API Gateway ins't created ok in Java project

Hello,

A newbie question for the Java-version of serverless (doing the same for NodeJS works fine).

I just created a test project in Java with serverless, but it doesn’t work.
I get this as a response:
{“message”: “Internal server error”}

I created/built/deployed the project using the following steps:

serverless create --template aws-java-maven

I changed the serverless.yml, removing the # for the following rows:

events:
  - http:
      path: users/create
      method: get

I then built & deployed the application:

mvn install
serverless deploy

What seems to be the problem is that the API gatway is created as a LAMBDA_PROXY, which doesn’t work.

If I create a new GET function (NOT selecting Use Lambda Proxy integration) in the AWS console for the API and points it to the created Lambda everything works great.

Any ideas on how to get this to work directly after serverless deploy ?

// Mikael

1 Like

I have the exact same problem and can also only resolve it by adding integration: lambda to the serverless.yml file.

Any insights would be greatly appreciated!

The Java templates (Gradle and maven) aren’t designed for Lambda Proxy Integration. If you want to make them work with Lambda Proxy Integration you have to return a response object like the JavaScript template does. This means you have to return an object with getters for statusCode (int), body (String) and headers (Map<String, String ) - a response object could look like this: https://github.com/bbilger/jrestless/blob/master/aws/gateway/jrestless-aws-gateway-handler/src/main/java/com/jrestless/aws/gateway/io/GatewayResponse.java.
The body must be a string! So make sure to serialize your actual response body to a string - if you want a JSON response you can use Jackson for serialization, for example.

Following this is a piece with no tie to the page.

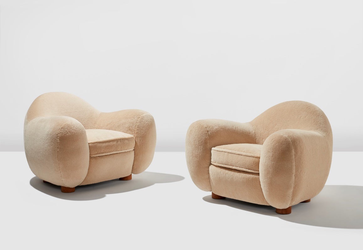 A stunning pair of "Boule" armchairs, also known as "Ours polaire," by Jean Royère, is set to headline the upcoming Design sale. These iconic pieces, drawn from a private collection, embody the pinnacle of 20th-century blue-chip design with their signature curves and luxurious forms that define Royère's timeless aesthetic. Introduced in 1942 at the Salon des Artistes Décorateurs—where Royère famously designed an entire living room around the form—the "Boule" quickly became a cornerstone of his oeuvre, appearing in many of his later interiors. The pair of armchairs on offer achieved $482,500 at Phillips in 2009, far surpassing its $200,000–250,000 estimate. Now, fifteen years later, with an estimated value of $600,000–800,000, they reflect the remarkable ascent of Royère’s market.

You might want to check out my framework jrestless: https://github.com/bbilger/jrestless. It’s a Jersey container for AWS Lambda and provides JAX-RS functionality through Jersey - the reference implementation for JAX-RS. This allows usage of most JAX-RS features and gives Spring integration, too. You can use serverless to configure and deploy your Lambda functions.

Thanks for the hint, I could get it to work now. jrestless looks great!

FYI: Since it wasn’t mentioned in the release notes: serverless v1.5.0 has updated Java templates that work with lambda-proxy.